Alright, so, just for fun, I was working on the sieve of eratosthenes. It was working fine intially so I sought out to improve its runtime complexity. and now, I on't know why, but I'm gettig a segmentation fault. Here's the code:

#include <stdio.h>
#include <stdlib.h>

int main(void)
{
    int* check = malloc(1000000000 * sizeof(int));
    long long int i;
    for(i = 0;i < 1000000000;i++)
    {
        check[i] = 0;
    }
    int j = 0;
    for(i = 2;i <= 1000000002;i++)
    {
         if(check[i] == 0)
         {
            printf("%lld\n", i);
            for(j = 1;j < (1000000001/i);j++)
            {
                check[j*i] == 1;
            }
         }
    }
return 0;   
}

Any help as to why it fails would be appreciated.

Answer 1

Your code has multiple errors, any of which could explain a segfault.

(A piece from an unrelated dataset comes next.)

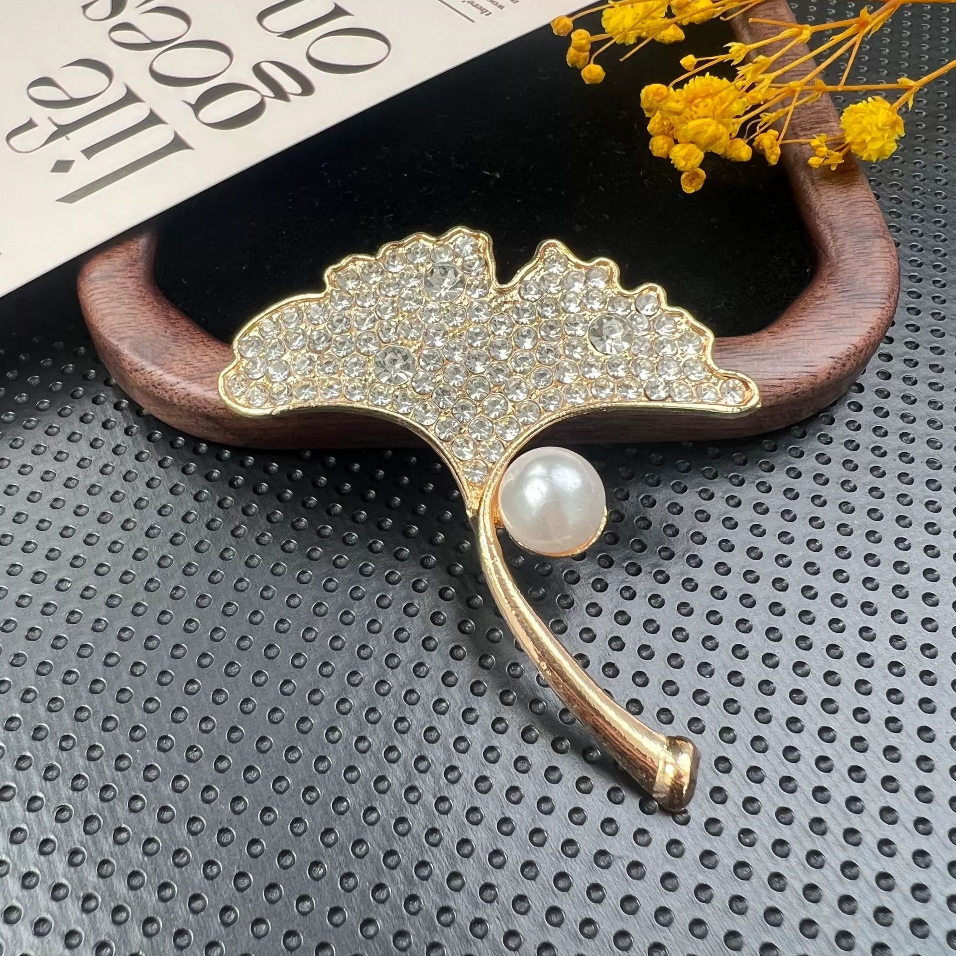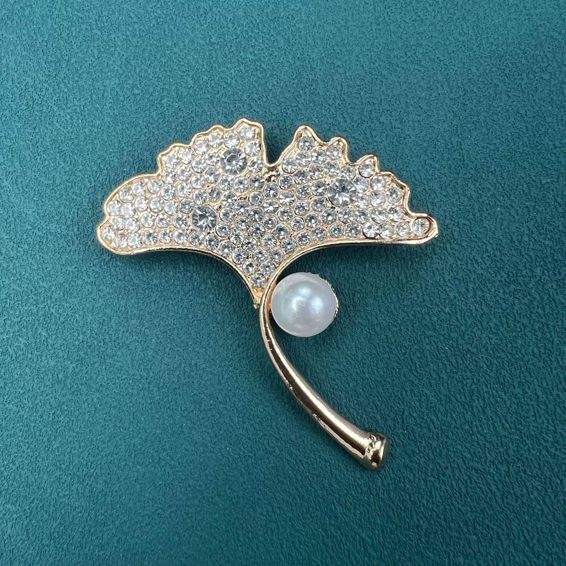 Alloy Pearl Ginkgo Leaf Rhinestone Brooch With Electroplating Treatment And Flower Pattern For Unisex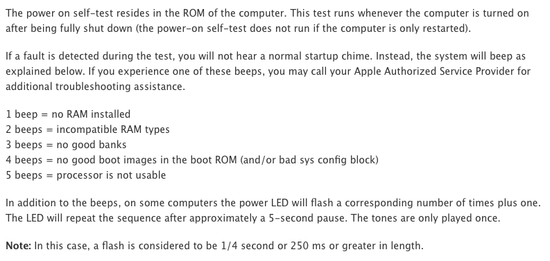 what I have leaned on the forums/discussions here on apple is that the 3 beeps mean I don't have the right disk for my MBP (Gray Disks) as when my computer boots up it doesn't beep at all only when I have the instantiation DVD (NOT FOR RESALE) white Snow Leopard, that I order from apple/apple support, in the drive and hold down the C key durning bootup, even when I hold the optioon/alt key and give me a list of disk to boot up from I pick the CD/DVD drive and when I do it starts do the 3 beeps every few sec. so I have to press and hold the power button to get to restart.

First, you have not checked the return value of malloc, which may be NULL, even when you are totally sure it couldn't be.

Second, you are exceeding the bounds of the array you've allocated when you iterate i from 2 to 1000000002. With so many zeros it's hard to eyeball, so here are your figures with separators:

Initial allocation: 1,000,000,000
Range of i: 2 to 1,000,000,002 inclusive

At the end of that loop you are accessing memory past the end of your array.

Answer 2

#include <stdio.h>
#include <stdlib.h>

#if 1
static const size_t N = 1000 * 1000 * 1000;
#else
static const size_t N = 1000;
#endif

Don't use a magic number, define it as a constant. 1000000000 is also hard to read. Your C compiler can do calculation for you before it emits an executable. And you should have started with a small number. If you change #if 1 into #if 0, then the #else clause defining N as 1,000 will take effect.

int main(void)
{
    char* check = malloc(N + 3);

When you essentially use check as a boolean array, it doesn't have to be of type int. int occupies 4 bytes whereas char only 1 byte.

    if (NULL == check) {
        perror("malloc");
        abort();
    }

malloc silently returns NULL when it failed to find a memory chunk of the specified length. But if you work with 64 bit OS and compiler, I don't think it's likely to fail...

    long long int i;
    memset(check, 0, sizeof(check[0]) * (N + 3));

memset fills an array with the value of the 2nd parameter (here 0.) The third parameter takes the number of BYTES of the input array, so I used sizeof(check[0]) (this is not necessary for a char array becuase sizeof(char)==1 but I always stick to this practice.)

    int j = 0;
    for(i = 2;i <= N+2;i++)
    {
         if(check[i] == 0)
         {
            printf("%lld\n", i);
            for(j = 1;j < ((N+1)/i);j++)
            {
                check[j*i] = 1;

You wrote check[j*i] == 1 but it was an equality test whose result didn't have any effects.

            }
         }
    }
    free(check);

It is a good practice to always free the memory chunk that you allocated with malloc, regardless whether free is necessary or not (in this case no, because your program just exits at the end of sieve calculation.) Perhaps until you become really fluent with C.

return 0;   
}